Sudan crackdown on protesters: All the latest updates | News

Sudanese security forces have attacked a protest camp in the country’s capital, Khartoum, opening fire, torching tents, and reportedly killing more than 30 people. 

The assault on Monday was the worst violence in Sudan since the April 11 overthrow of long-time leader Omar al-Bashir and drew sharp condemnation from the United Nations, the African Union and others. 

Protest leaders, who are seeking a speedy transition to civilian rule, called the raid “a massacre” aimed at breaking up the weeks-long sit-in outside the military headquarters in Khartoum.

But the ruling Transitional Military Council (TMC) denied trying to disperse the protest, saying security forces had targeted “unruly” groups nearby. 

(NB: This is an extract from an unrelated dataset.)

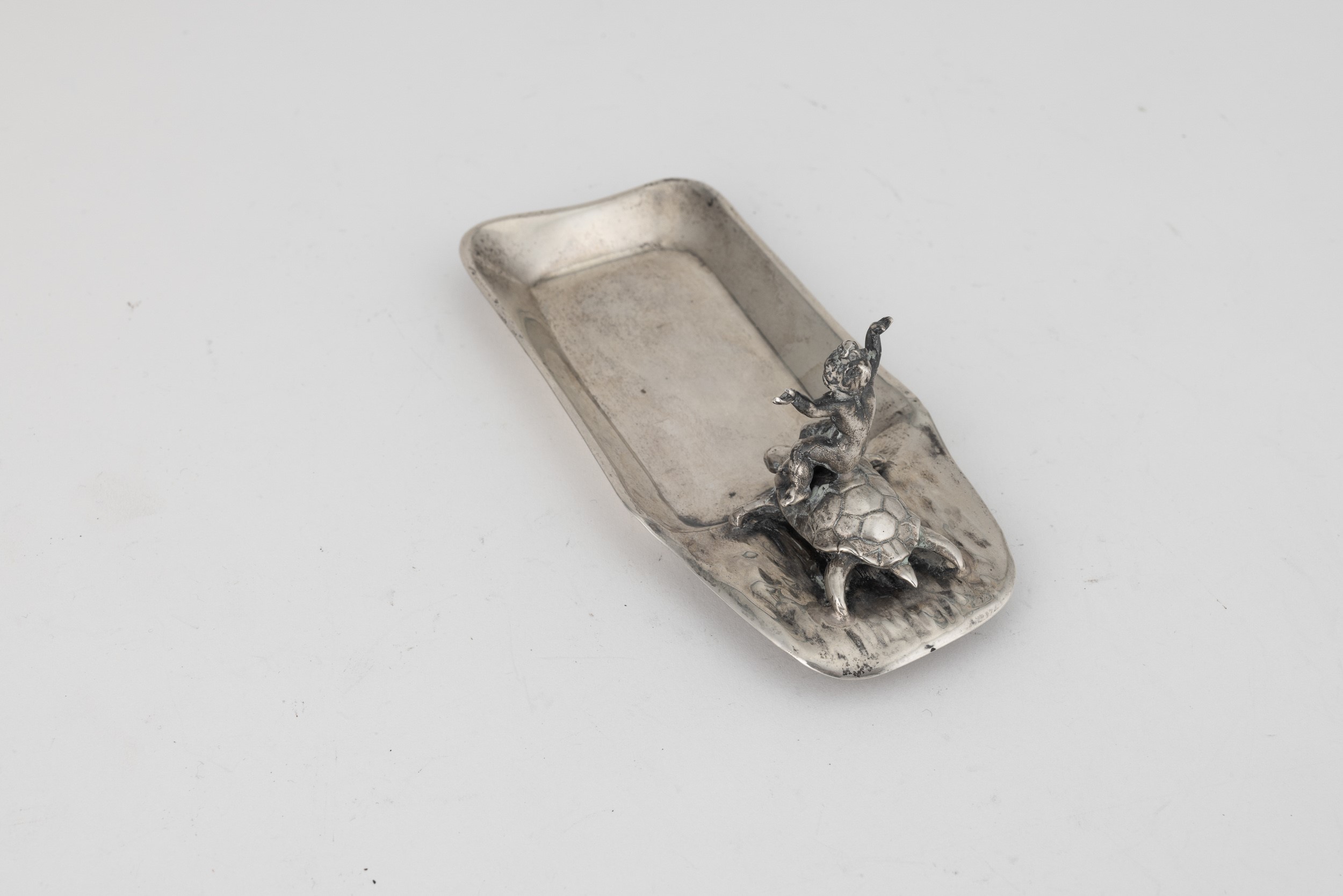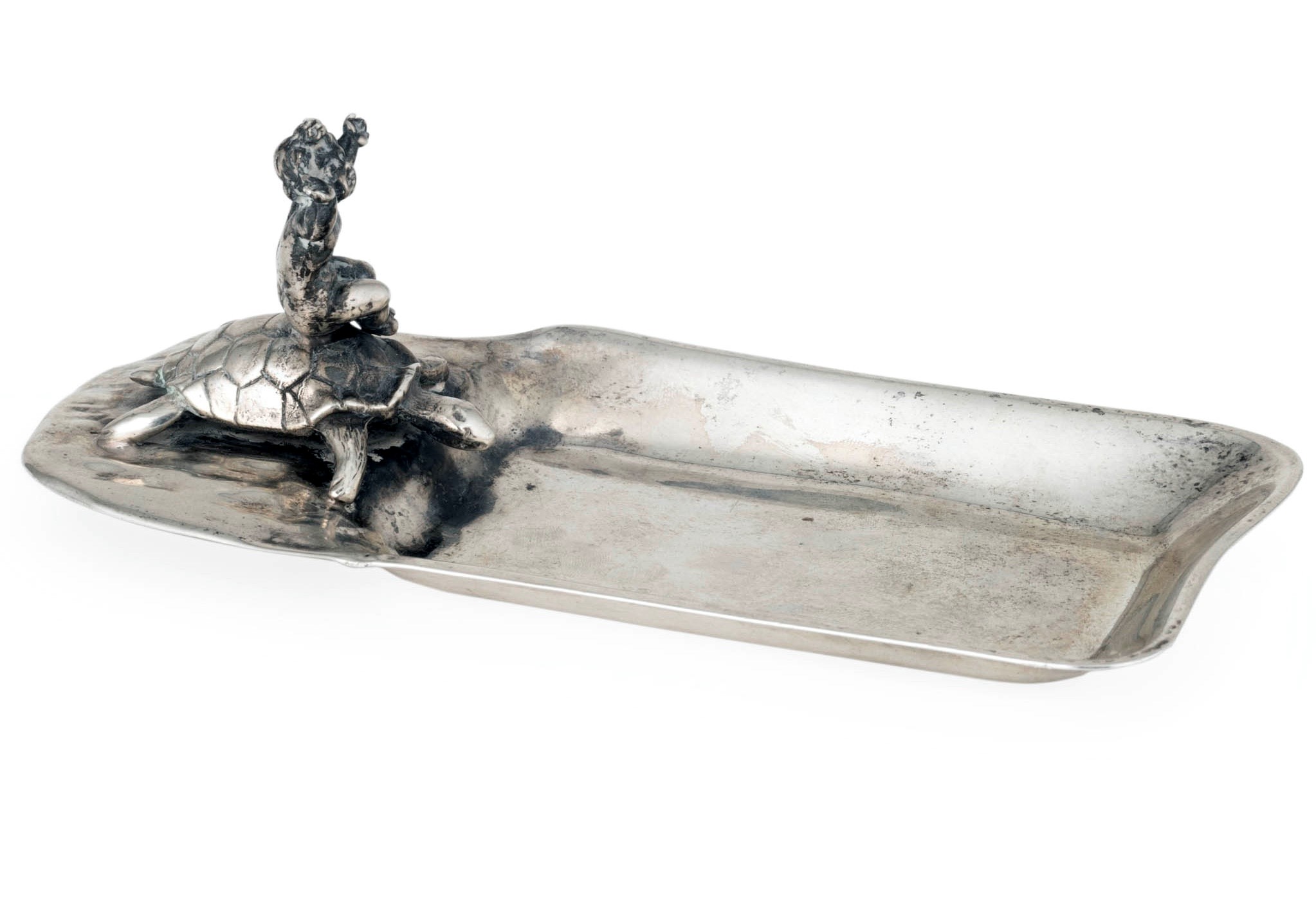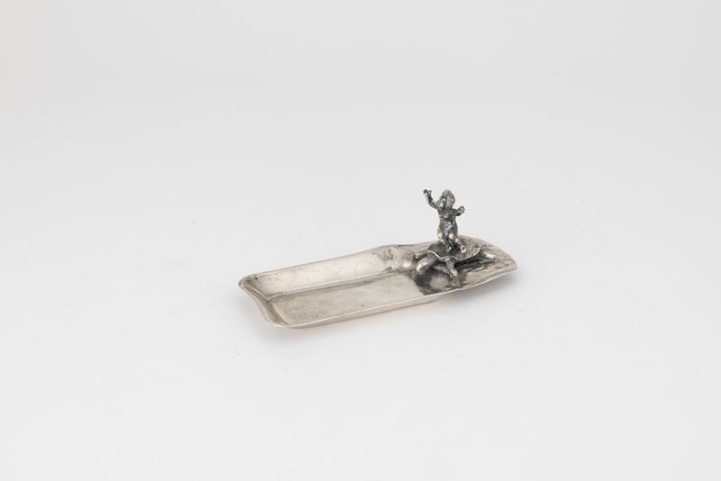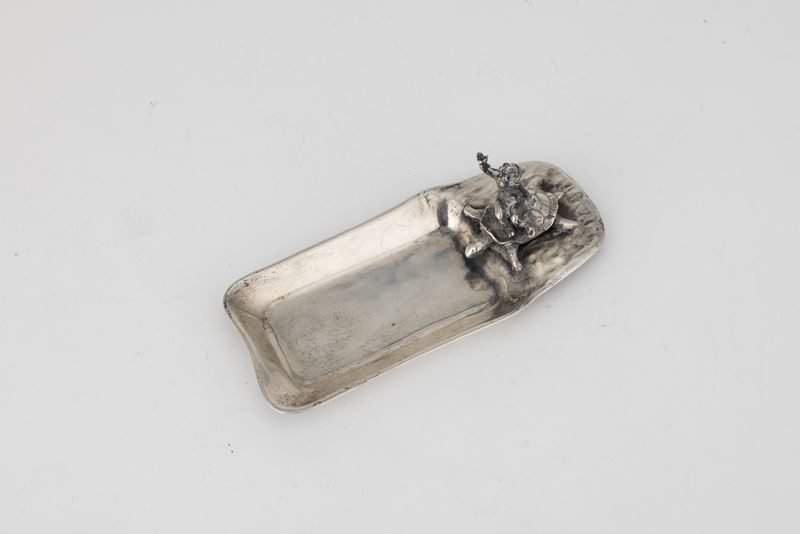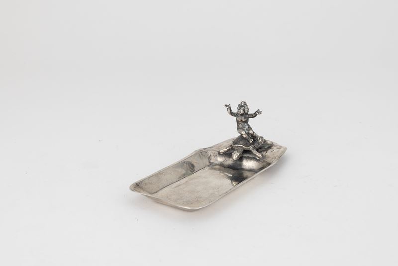 Ciotola con putto che cavalca tartaruga. Argenteria artistica milanese, argentiere Genazzi

Here are all the latest updates:

Tuesday, June 4:

Opposition group warns Arab countries against interference 

The Democratic Alliance of Lawyers has urged “some Arab countries” not to interfere in Sudanese affairs and to drop their support for the ruling military council.

“We ask that some Arab countries lift their hands from Sudan and to stop supporting the Military Council and consolidating the pillars of its rule with the aim of preserving it and protecting their own interests that are harmful to the Sudanese state and its citizens,” said the alliance, which is part of the Sudanese Professionals’ Association.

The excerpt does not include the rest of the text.